→ **Exercise details**:
The data below should be restated word for word, with every picture omitted.

→ **Exercise input**:

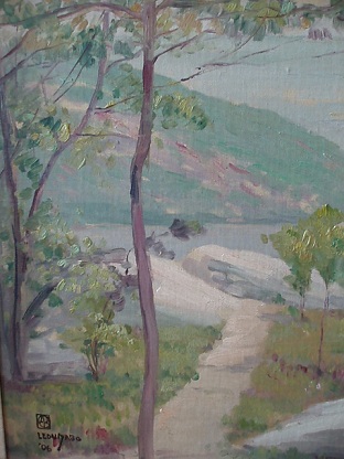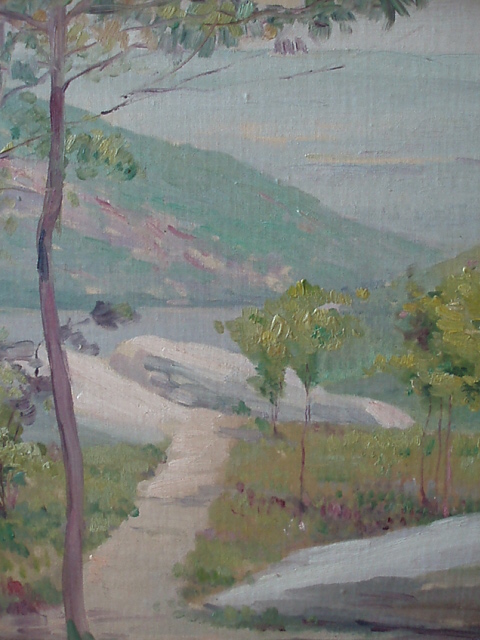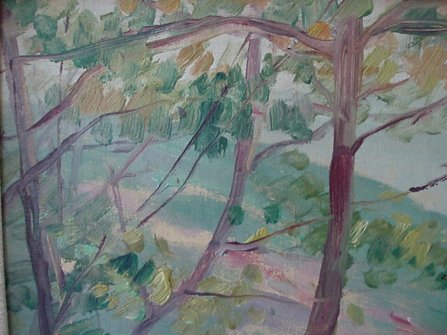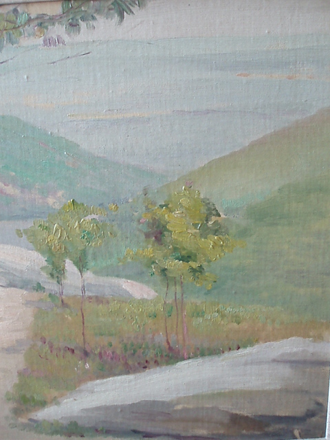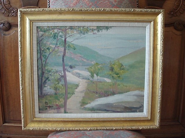 Description: "Hudson River View 1906" by Leon Dabo, NA(1865-1960)Oil on Canvas. Framed in simple gilt frame.
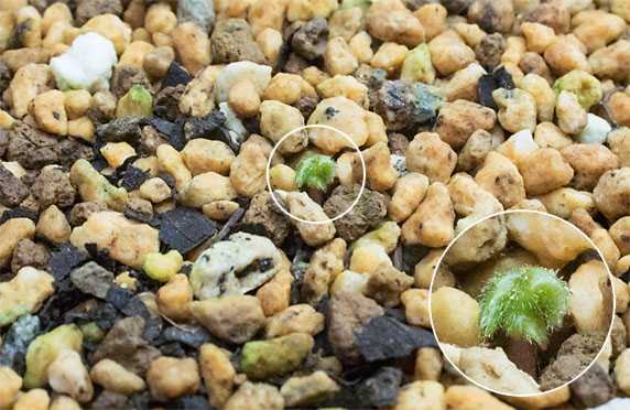 訳アリ品を承知で調達し、定植したものを屋内で保存していた赤花テシオコザクラが芽出しを始めました。衰弱気味の株だったので、少々心配だったのですが、最初の関門は取り敢えずクリアできた様子です。発見時点の新芽の大きさは、七味唐辛子に入っている”麻の実”ほどです。 現在の保管場所は洗面所の照明直下で、当面はこのままでも不都合はなかろうと思いますが、少し伸びて来ると光量は絶対的に不足することになります。それまでに日差しを浴びられる場所を探さなくてはいけないのですが、凍死回避で屋内に避難させた日本サクラソウ3点で場所は塞がっていて、割り込む余地がありません。早く暖かくなって貰いたいものですが、なかなか希望通りには運んではくれません。
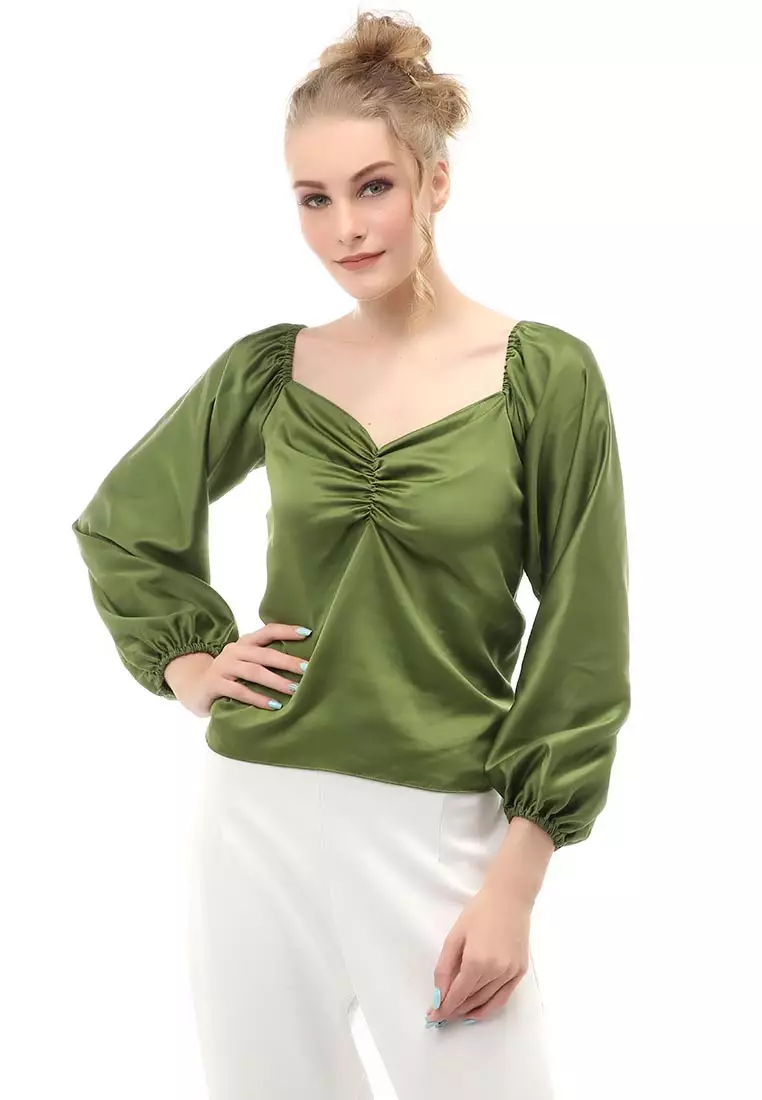 Cheva Blouse Casual Wanita Sabrina Kerut Dada Lengan Panjang Material Satin ORIGINAL - Army Green
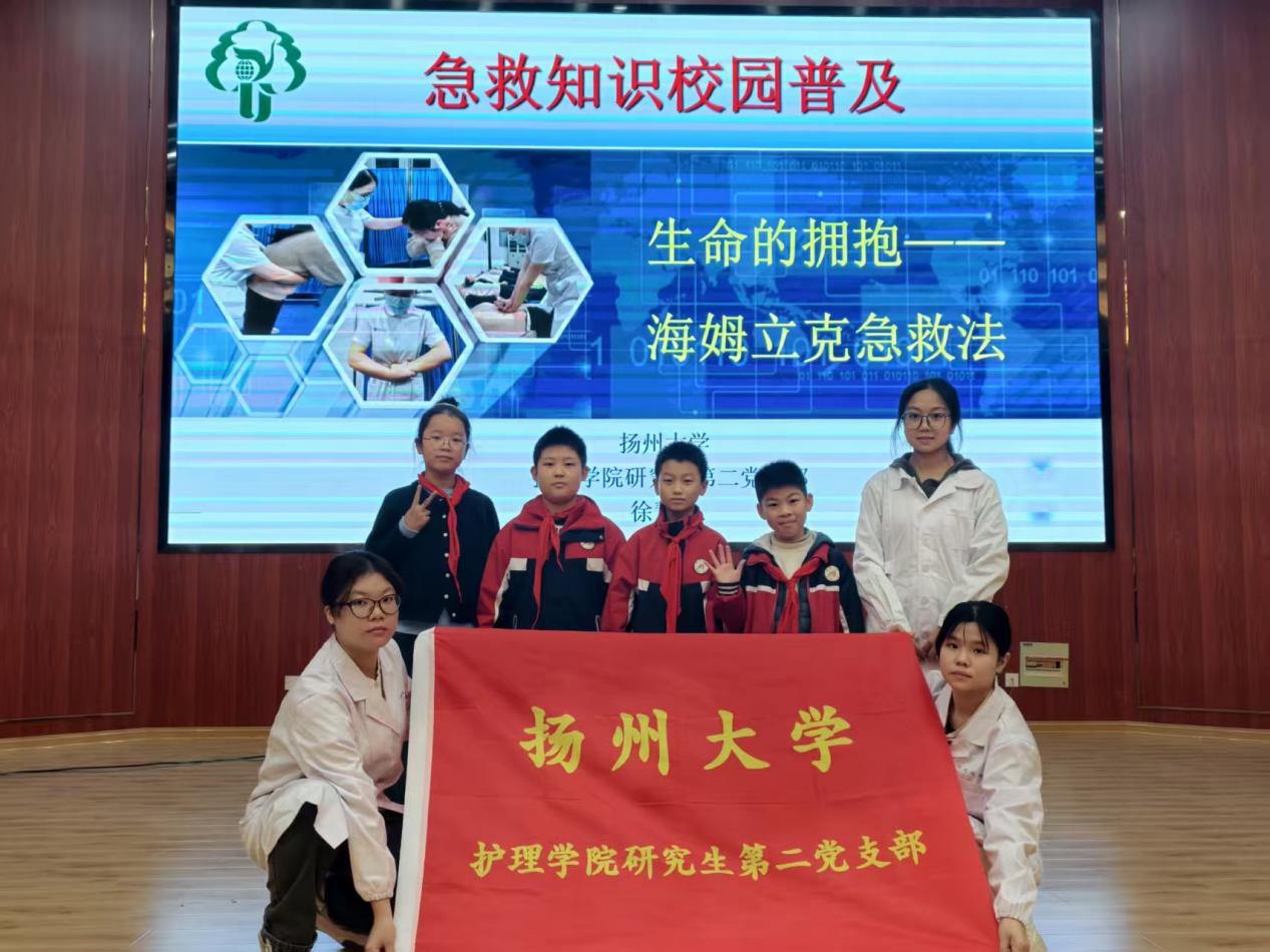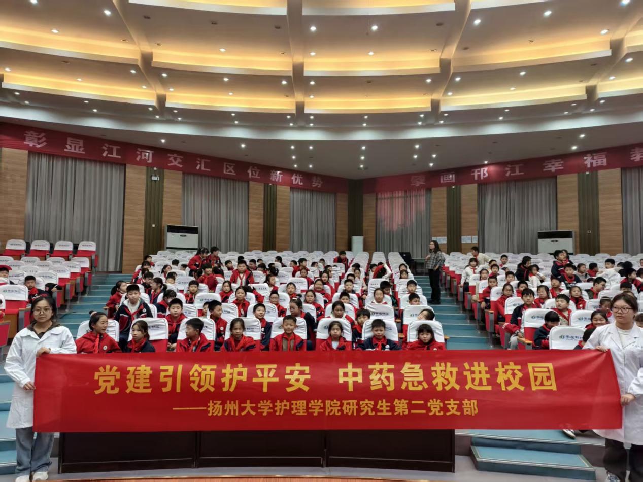 为深入践行习近平新时代中国特色社会主义思想,弘扬“人民至上、生命至上”理念,2025年11月5日,扬州大学护理学院研究生第二党支部赴邗江区实验学校美琪分校,组织开展“中药急救知识校园普及”主题党日活动,充分发挥党员的先锋模范作用,以专业所长服务社会所需。
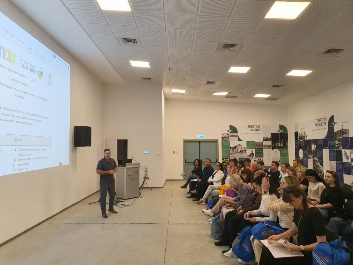 השבוע כאמור הגיעה משלחת נוספת, הפעם של אנשי חינוך ומטפלים פסיכולוגים באוקראינה שהגיעו ללמוד על התוכניות אותן מפעילה מועצה אזורית שער הנגב במסגרת השירות הפסיכולוגי החינוכי של המועצה. עשרות אנשי מקצוע הגיעו ליום מרוכז בשירות הפסיכולוגי החינוכי של שער הנגב ליום למידה אינטנסיבי בנושאי איתנות וחוסן. צוות המועצה סקר להם את התוכניות הרבות שמועצה מפעילה ואת תפיסת החוסן שפותחה בשער הנגב והפכה למפורסמת בקרב בעלי מקצוע ומטפלים בכל העולם.
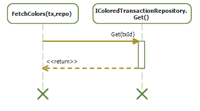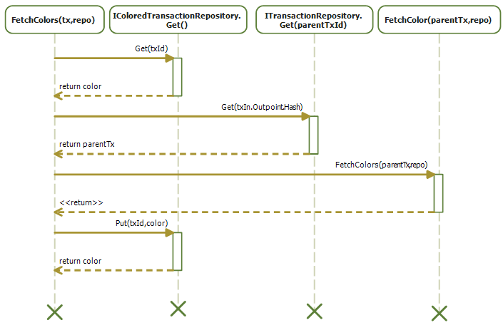 Once FetchColors has resolved the color of the parent’s recursively, it computes the transaction color, and caches the result back in the IColoredTransactionRepository.
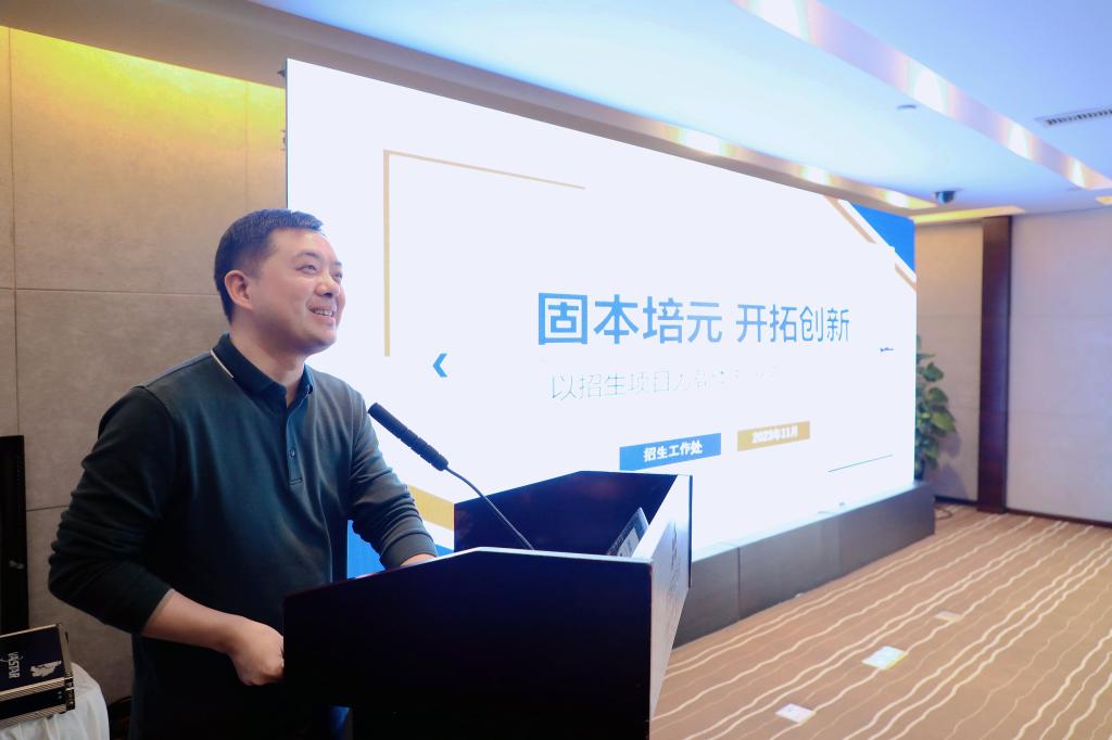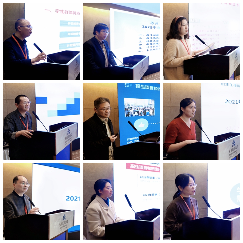 江苏开放大学招生工作处处长陈翀结合招生详细数据总结汇报了2021-2023年开放教育的招生情况,指出近三年开放教育招生始终坚持着“稳规模、优结构、强规范、提质量”这一工作思路;并对今后开放教育招生工作作出部署,明确了下一步工作思路,提出要以招生项目为载体,开拓创新,努力提升整个办学系统的共创能力,构建一个兼具价值、发展、责任的三位共同体,更好服务全民终身学习。
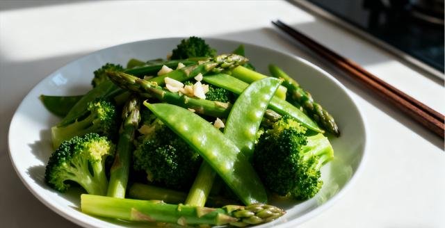 蔬菜洗净沥干。锅中放少量油,炒香蒜末。加入蔬菜大火快炒一到两分钟,至变软。加盐调味后即可出锅。
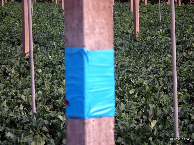 The blue wrap is a thrips trap. There is very little chemical control in use in this cultivation, more biological control is preferred.
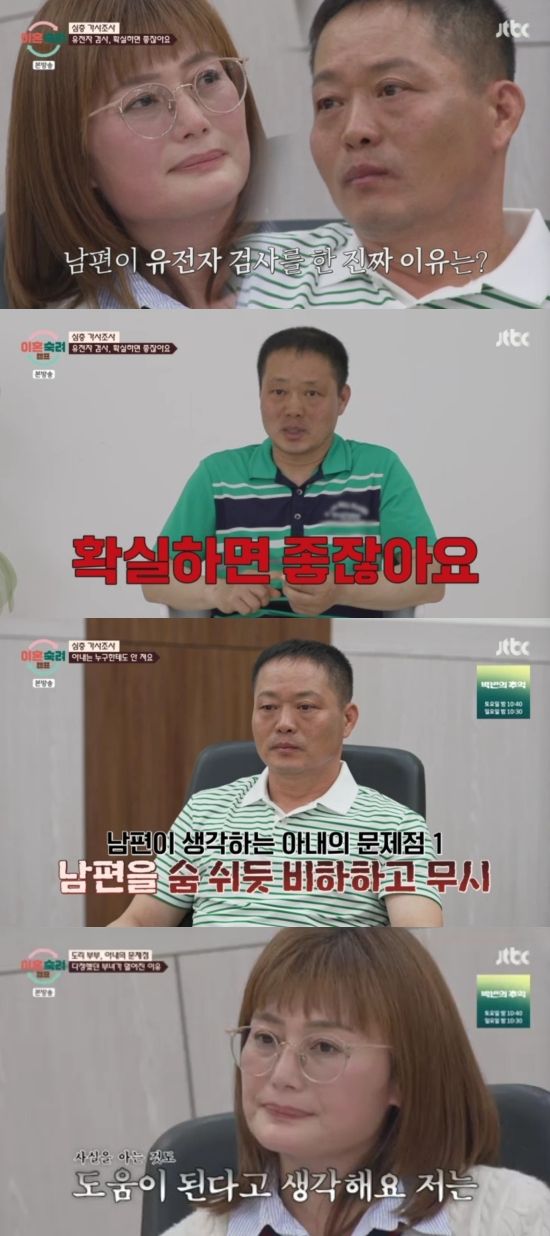 결혼 초, 아내가 딸을 낳자 유전자 검사를 했다는 남편은 "확실하면 좋지 않나. (아내가 다른 곳을) 왔다갔다했다"며 "미안할 것도 없다. 아이 엄마도 우리 자식이면 더 좋은 것 아니냐"고 답해 서장훈을 분노케했다.
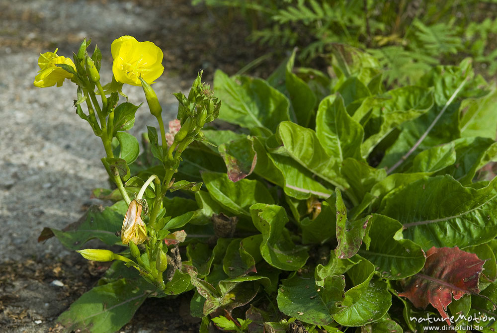 Gemeine Nachtkerze, Gewöhnliche Nachtkerze, Oenothera biennis, Nachtkerzengewächse (Onagraceae), Blüte und Laubblätter, Weg, Cheiner Torfmoor, Cheine/Salzwedel, Deutschland
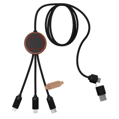 Products Office SCX.design C37 5-in-1 rPET light-up logo charging cable with round wooden casing
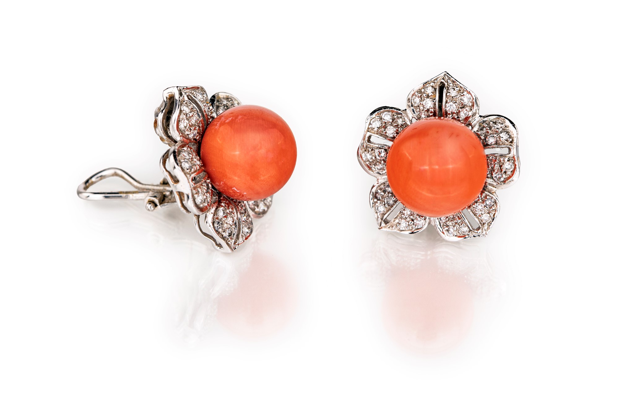 Orecchini a fiore in oro, corallo e diamanti Peso complessivo gr 18,20. Corallo sferico diametro mm 12. Diamanti in taglio rotondo brillante ct. 0.70 ca.

→ **Response to this exercise**:
 Description: "Hudson River View 1906" by Leon Dabo, NA(1865-1960)Oil on Canvas. Framed in simple gilt frame.
 訳アリ品を承知で調達し、定植したものを屋内で保存していた赤花テシオコザクラが芽出しを始めました。衰弱気味の株だったので、少々心配だったのですが、最初の関門は取り敢えずクリアできた様子です。発見時点の新芽の大きさは、七味唐辛子に入っている”麻の実”ほどです。 現在の保管場所は洗面所の照明直下で、当面はこのままでも不都合はなかろうと思いますが、少し伸びて来ると光量は絶対的に不足することになります。それまでに日差しを浴びられる場所を探さなくてはいけないのですが、凍死回避で屋内に避難させた日本サクラソウ3点で場所は塞がっていて、割り込む余地がありません。早く暖かくなって貰いたいものですが、なかなか希望通りには運んではくれません。
 Cheva Blouse Casual Wanita Sabrina Kerut Dada Lengan Panjang Material Satin ORIGINAL - Army Green
 为深入践行习近平新时代中国特色社会主义思想,弘扬“人民至上、生命至上”理念,2025年11月5日,扬州大学护理学院研究生第二党支部赴邗江区实验学校美琪分校,组织开展“中药急救知识校园普及”主题党日活动,充分发挥党员的先锋模范作用,以专业所长服务社会所需。
 השבוע כאמור הגיעה משלחת נוספת, הפעם של אנשי חינוך ומטפלים פסיכולוגים באוקראינה שהגיעו ללמוד על התוכניות אותן מפעילה מועצה אזורית שער הנגב במסגרת השירות הפסיכולוגי החינוכי של המועצה. עשרות אנשי מקצוע הגיעו ליום מרוכז בשירות הפסיכולוגי החינוכי של שער הנגב ליום למידה אינטנסיבי בנושאי איתנות וחוסן. צוות המועצה סקר להם את התוכניות הרבות שמועצה מפעילה ואת תפיסת החוסן שפותחה בשער הנגב והפכה למפורסמת בקרב בעלי מקצוע ומטפלים בכל העולם.
 Once FetchColors has resolved the color of the parent’s recursively, it computes the transaction color, and caches the result back in the IColoredTransactionRepository.
 江苏开放大学招生工作处处长陈翀结合招生详细数据总结汇报了2021-2023年开放教育的招生情况,指出近三年开放教育招生始终坚持着“稳规模、优结构、强规范、提质量”这一工作思路;并对今后开放教育招生工作作出部署,明确了下一步工作思路,提出要以招生项目为载体,开拓创新,努力提升整个办学系统的共创能力,构建一个兼具价值、发展、责任的三位共同体,更好服务全民终身学习。
 蔬菜洗净沥干。锅中放少量油,炒香蒜末。加入蔬菜大火快炒一到两分钟,至变软。加盐调味后即可出锅。
 The blue wrap is a thrips trap. There is very little chemical control in use in this cultivation, more biological control is preferred.
 결혼 초, 아내가 딸을 낳자 유전자 검사를 했다는 남편은 "확실하면 좋지 않나. (아내가 다른 곳을) 왔다갔다했다"며 "미안할 것도 없다. 아이 엄마도 우리 자식이면 더 좋은 것 아니냐"고 답해 서장훈을 분노케했다.
 Gemeine Nachtkerze, Gewöhnliche Nachtkerze, Oenothera biennis, Nachtkerzengewächse (Onagraceae), Blüte und Laubblätter, Weg, Cheiner Torfmoor, Cheine/Salzwedel, Deutschland
 Products Office SCX.design C37 5-in-1 rPET light-up logo charging cable with round wooden casing
 Orecchini a fiore in oro, corallo e diamanti Peso complessivo gr 18,20. Corallo sferico diametro mm 12. Diamanti in taglio rotondo brillante ct. 0.70 ca.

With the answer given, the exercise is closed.